The new Zetasizer Helix from Malvern Instruments enables the detailed study of mechanisms of protein aggregation and is a powerful tool for early stage biopharmaceutical development.
This new system combines industry-leading Zetasizer dynamic light scattering (DLS) technology, for sizing of proteins and other biomolecules, with Raman spectroscopy. Raman spectroscopy enables monitoring of the changes in secondary and tertiary protein structure.
The combination of DLS and Raman spectroscopy allows measurement of protein size and structure from a single small volume sample, providing unique insight into protein folding, unfolding, aggregation, agglomeration and oligomerization. Such detailed information supports both the effective application of Quality by Design and the efficient development of biosimilars.
Raman spectroscopy delivers information on protein unfolding by monitoring the variations in molecular vibrations that result from changes in secondary and tertiary protein structure. The combination of dynamic light scattering with Raman spectroscopy characterizes a wealth of chemical, structural, and physical parameters of biotherapeutic proteins under formulation conditions, at high concentrations up to 100mg/ml and using a wide range of buffers and excipients.
Parameters measured include: secondary and tertiary protein structure; melting temperature; onset temperature of aggregation; and transition enthalpy values; as well as aggregation propensity and protein solubility.

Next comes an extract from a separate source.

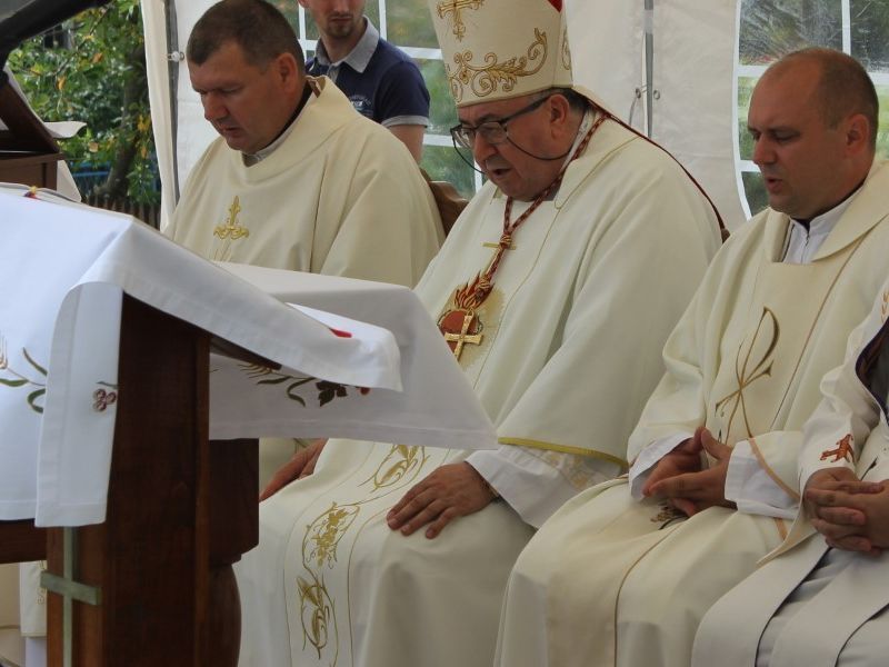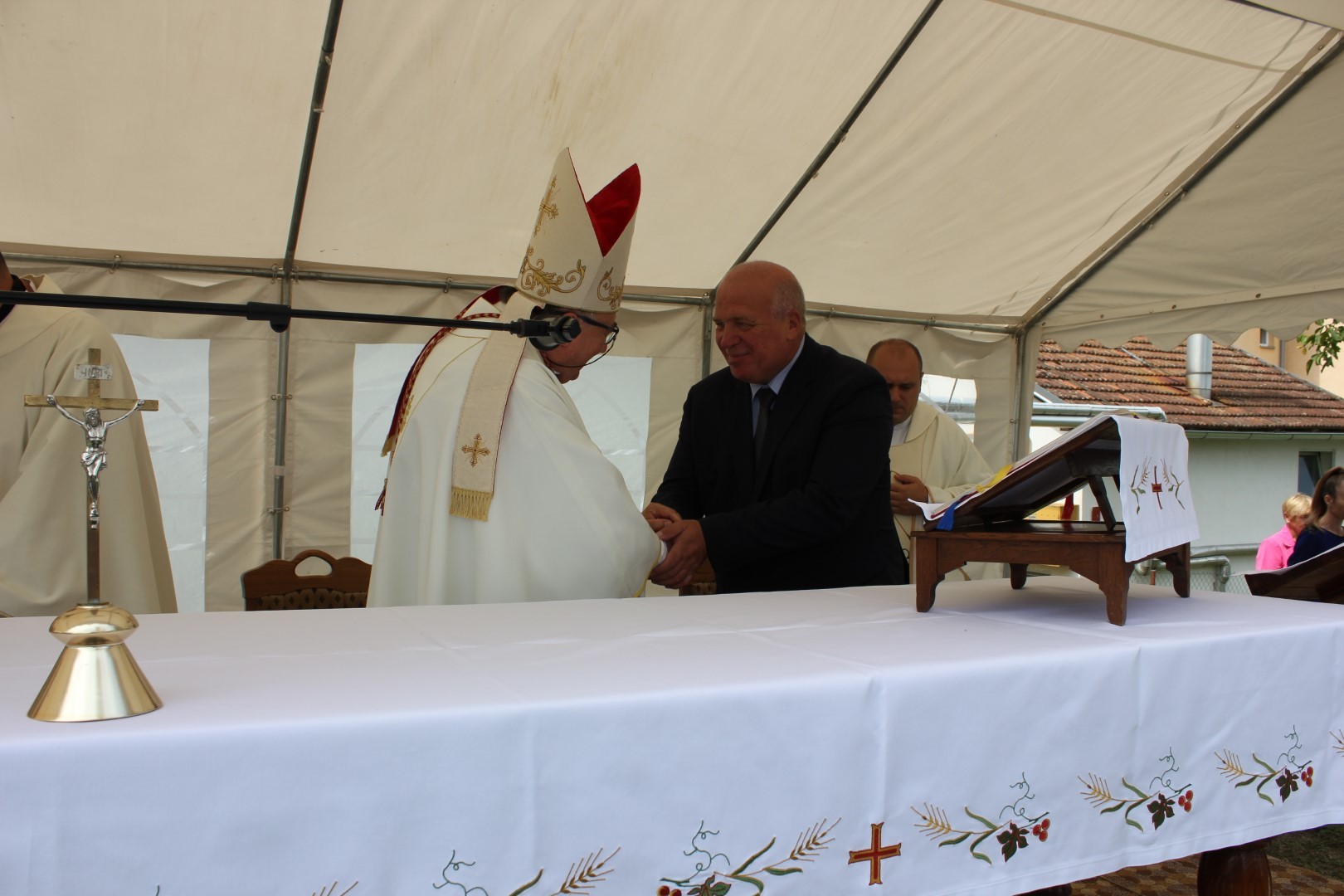 Od srca se zahvalivši za dobrodošlicu svima koji su ga dočekali, kardinal Puljić započeo je svetu misu ispred više od stotinu godina stare crkve Sv. Ivana Krstitelja u Marinom Selu.

The Zetasizer Helix is the latest commercialised product to emerge from Malvern’s Bioscience Development Initiative (BDI), a collaborative research program dedicated to providing solutions to the evolving needs of the biopharmaceutical industry. A key priority for the industry is obtaining a greater understanding and control over the formulation process, a need exacerbated by the increasing adoption of QbD.
By allowing users to fully scope protein behavior within a formulation the Zetasizer Helix provides insight at the molecular level as to which variables trigger, for example, oligomerization and aggregation, supporting a QbD approach.